Cultura

El marchamo del cante en una voz

  • Autodidacta e incombustible, Antonio de Canillas lleva media vida de entrega a los cantes de Málaga y al flamenco por definición · La saeta malagueña lleva su nombre y a ella le rinde pleitesía desde hace 50 años

Lleva en los ojos ese poso de sabiduría que define a quienes han vivido lo suficiente como para expresarlo. Antonio Jiménez González (Canillas de Aceituno, 1929) lo hace cantando, su profesión desde hace más de 50 años y su forma de acercarse al mundo. Desde que un buen día osó meterle un martinete "sin pausa" a una saeta, su nombre camina paralelo al de la Semana Santa de Málaga.

"Ya hay una saeta que cantaba Chacón y metía la toná del Cristo. Yo me basé en eso y pensé meter el martinete sin respirar al terminar mi seguiriya", explica Antonio de Canillas, un hombre hecho a la medida de los cantes de Málaga.

Campechano y honesto con su forma de digerir el flamenco, el cantaor mira hacia atrás y recuerda con orgullo los inicios de una afición a la que llegó por pura curiosidad. Escuchaba a los grandes y aprendía con cada disco, un sencillo proceso que ha ido cultivando toda su vida. "Yo he aprendido de todos, porque un compañero para mí es como un hermano", expresa para referirse nada menos que a Manolo Caracol, Antonio Mairena, o Perlita de Huelva, con los que ha disfrutado escenario.
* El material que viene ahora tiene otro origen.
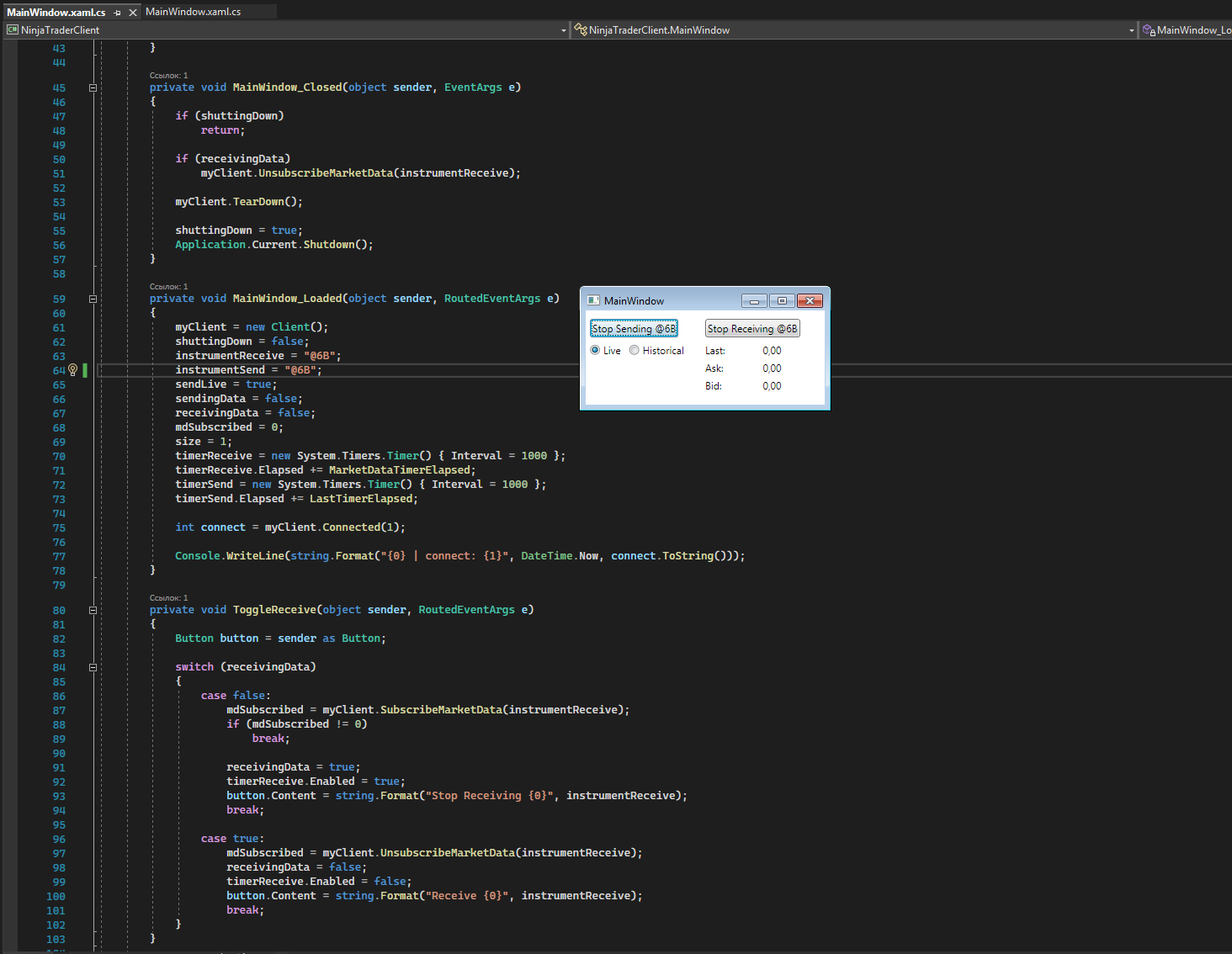 Support for the API is limited from NinjaTrader Support. We are not able to assist with any code in an application external to NinjaTrader. We are able to detail the usage of any methods available from the API.

Antonio de Canillas comenzó a descubrir ese pellizco en la garganta durante la mili en Melilla. Empezó a cantar para sus compañeros en los ratos libres y a ganar dinero con los regalos que les hacían.
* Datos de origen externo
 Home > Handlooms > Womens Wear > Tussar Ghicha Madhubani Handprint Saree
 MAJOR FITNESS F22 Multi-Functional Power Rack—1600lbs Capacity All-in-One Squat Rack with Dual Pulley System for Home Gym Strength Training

Cuando regresó a la Axarquía compaginó el trabajo en la carbonería de su abuelo con el cante. "Hasta mil pesetas me llegaron a dar en una reunión", recuerda ufano. Pero no todos los momentos fueron tan generosos. El artista no olvida las veces en las que el dinero no le llegaba para pagarse la pensión en calle Santa María y aprovechaba los bares que quedaban abiertos para echar una cabezadita bajo techo.
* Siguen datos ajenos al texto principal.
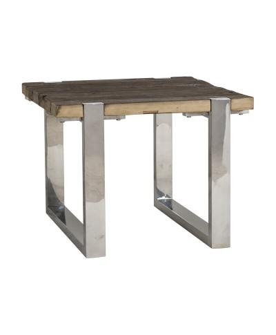 • The wood perfectly showcases the natural beauty of its history in this coffee table. The reclaimed wood side table is complemented by the clever use of stainless steel for the legs.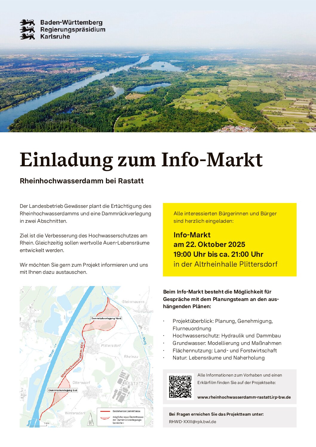 Der Landesbetrieb Gewässer des Landes Baden-Württemberg lädt zum Info-Markt zur geplanten Ertüchtigung und Dammrückverlegung des sanierungsbedürftigen Rheinhochwasserdamms ein.

Sus episodios de mundología se detienen con una sonrisa en la época en la que estuvo trabajando para el circo Imperial de Ángel Cristo padre. Los payasos, funambulistas y demás moradores de la carpa hacían su números, mientras Antonio esperaba con su guitarrista. Hace unos 30 años los apagones durante la función eran prácticamente habituales, y en ese momento su voz surgía como eficaz comodín. A la señal de "¡Niño, llama al cantaor!" acudía el malagueño para entretener al público bajo un farol encendido.

Por esa mismas fechas, ya se recorría la provincia, dispuesto a repartir flamenco alternando tren, coche y mula. "Para llegar de Zafarraya a Los Romanes no había carretera y nos recogían en bestias. Igual de Arroyo Coche hasta Villanueva de la Concepción", resume el artista. Fatigas que compensó luego con sus salidas al extranjero.

Junto al Padre Miguel Rojo se recorrió Austria, Filipinas y Suiza (con su hijo a la guitarra) exportando la misa flamenca. De sus bolos por los hoteles de la costa -"a veces me hacía tres hoteles en una noche", evoca- un empresario le echó el ojo y envío al cantaor a repetir éxito por los hoteles de Holanda. Entre los numerosos premios que atesora, hay uno que aún le sorprende. La primera vez que acudió al festival de la Unión se llevó la prestigiosa Lámpara Minera.

Con la misma energía pero menos trasiego a sus espaldas, Antonio de Canillas continúa sobre los escenarios. El pasado 10 de marzo llenó el Auditorio de la Diputación junto a Gabriel Cabrera, Chaparro de Málaga y Pepito Vargas dentro del ciclo Los Jueves Flamencos. La Semana Grande le llena la agenda de saetas, desde hace 57 años acude todos los Viernes Santos a cantar en Campillos junto a la Hermandad del Santo Entierro, y repite fidelidad con El Huerto, Pasión y Jesús El Rico.

A sus 80 años y después de dos operaciones de rodilla, Antonio se cuida la voz como el más profesional y mima a su público. "Me sigo emocionando. Me gusta entregarme cuando canto", sentencia. Y de casta le viene al galgo. Perdió a su madre a los dos años de nacer, pero aún guarda un grato recuerdo en la memoria. "Las vecinas me decían que mi madre cuando limpiaba y tendía la ropa se la oía cantar flamenco muy preciosamente", rememora con su mirada de agradecimiento.